The local people know that they want and need, but are lacking the means to provide for themselves. A dialogue between the planners and the local people is absolutely essential to ensure that the people are getting what will actually help them, instead of a minimal benefit that only the planners view as vital. This "bottom-up" ideology has to be continued in the implementation phase to ensure accountability to the beneficiaries.

For the WISER project, this meant having the villagers form resource management committees, which met monthly to discuss the area's resource conditions and form appropriate strategies to manage these resources. These committees worked directly with the project staff to develop programmes that would address the problems that they felt were most important. In the case of accountability for infrastructure, it was decided with the villagers that they would provide some days of free labor or provide local materials free of charge, so that they develop a sense of ownership and maintain the structures for their own benefit.

Tailormade for culture
Cultural realities also play an important role in the formation of a development process. On a very basic level, one has to understand that a project that was successful in the high mountains of the Chilean Andes is not guaranteed to work in the Nepalese Himalayas, just because both areas have similar ecosystems. The huge differences in the cultures and traditions of those peoples forces the realisation that development strategy cannot be transported or replicated from one area to another. Constructive ideas and concepts can float successfully between continents, but the actual strategy must be tailor-made to suit the cultural conditions of the people it intends to benefit.
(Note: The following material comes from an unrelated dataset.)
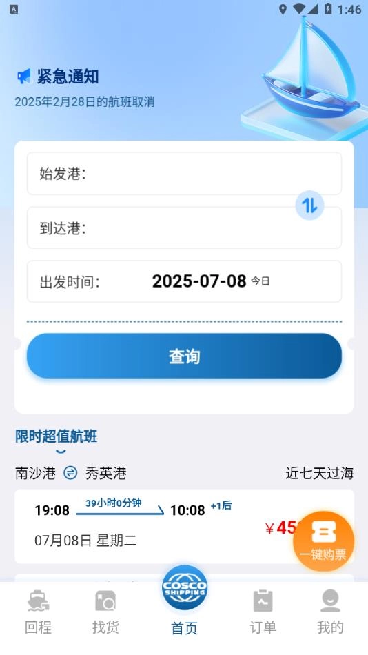 班次余票、开航时间、停售通知等数据实时更新,确保用户获取最新、最准确的航运信息。

Coming from the West, I was amazed to see the issues which surfaced as major importance in the development process. Quarrels within the caste system, Hindu-Muslim conflicts and deep-rooted superstitions -- all weaved their way into the formation of the resource management polices. My lack of knowledge of the people in the WISER project area caused me to consider the following question: How can foreign or even indigenous centralised government agencies expect to arrive in an area with a workable development plan when they have no idea of the ground realities that exist in that area?

As a Westerner from the Hudson Valley region of New York and having spent just 6 months in the Himalayas, who am I to tell the Garhwali villagers what their problems are and how to fix them? How can anyone, even those with extensive educational or technical qualifications, expect to know the realities of an area better than the people who live there?

Suggestions can and should be presented by interested individuals or organisations, but ultimately, it has to be the local people who play the part of the decision-makers. Why? Because it is the local people, and not the Phd from the foreign or national institute, who will be living in that area and dealing with the consequences of development. Wouldn't you expect to have that same type of control over your life?

Evan Goldsmith has a degree in environmental planning from Bucknell University in the US. He is currently working in Anjanisain village in the Tehri Garhwal region of the Himalayas.